The Economic Impact of a Government Shutdown

Each year Congress passes, and the President signs into law, 12 appropriations bills to fund the government for that fiscal year. If Congress fails to pass and sign these, a government shutdown occurs. This forces non-essential activities to cease, and many federal employees are furloughed. Essential services like food inspections, terrorism monitoring, and air traffic control continue to operate; however, other services such as passport processing, issuing business loans and grants, maintaining national parks, and even regulating the safety of medical drugs and medical devices are temporarily suspended.

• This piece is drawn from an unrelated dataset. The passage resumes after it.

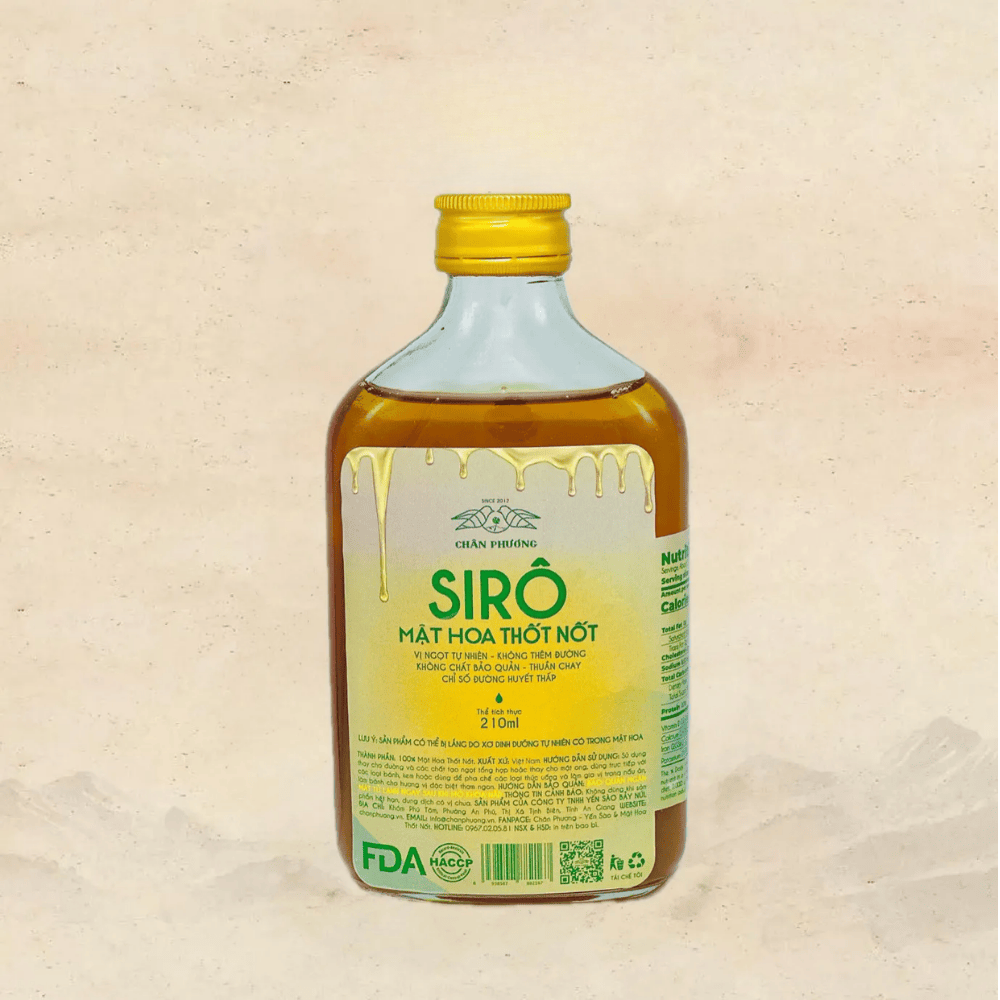 Siro Mật Hoa Thốt Nốt – tinh hoa từ vùng Bảy Núi, An Giang – được chiết xuất từ những giọt mật nguyên chất thu hoạch thủ công từ hoa thốt nốt bằng kỹ thuật massage truyền thống của người Khmer. Sản phẩm giữ trọn hương vị ngọt thanh, dịu nhẹ, hoàn toàn 100% tự nhiên, không thêm đường, không chất bảo quản, giàu khoáng chất thiết yếu và có chỉ số đường huyết thấp, phù hợp cho cả trẻ em, người lớn tuổi và người quan tâm đến sức khỏe.

Each agency determines its own plan, often based on previous shutdown guidance, but most non-essential activities stop and hundreds of thousands of workers are not paid during a shutdown. The longer a shutdown continues, the greater the economic impact. A recent study by the Congressional Budget Office (CBO) found that the 2018-2019 shutdown reduced GDP by $11 billion, with $3 billion of those losses never recovered.

The courts and Congress are not affected during a shutdown because of a 1981 legal opinion by Attorney General Benjamin Civiletti. The same logic applies to presidentially appointed and Senate confirmed members of the Cabinet.

For example, a Congressional Budget Office report from the last shutdown found that two major Small Business Administration loan programs were halted during the duration of the shutdown. This reduced the ability of small businesses to access $200 million per day in funding and may have hindered future investment and hiring decisions. Social Security and Medicare beneficiaries will receive their checks during a shutdown, but services such as benefit verification and new card issuance will stop. Call centers will be closed and customer service wait times will increase.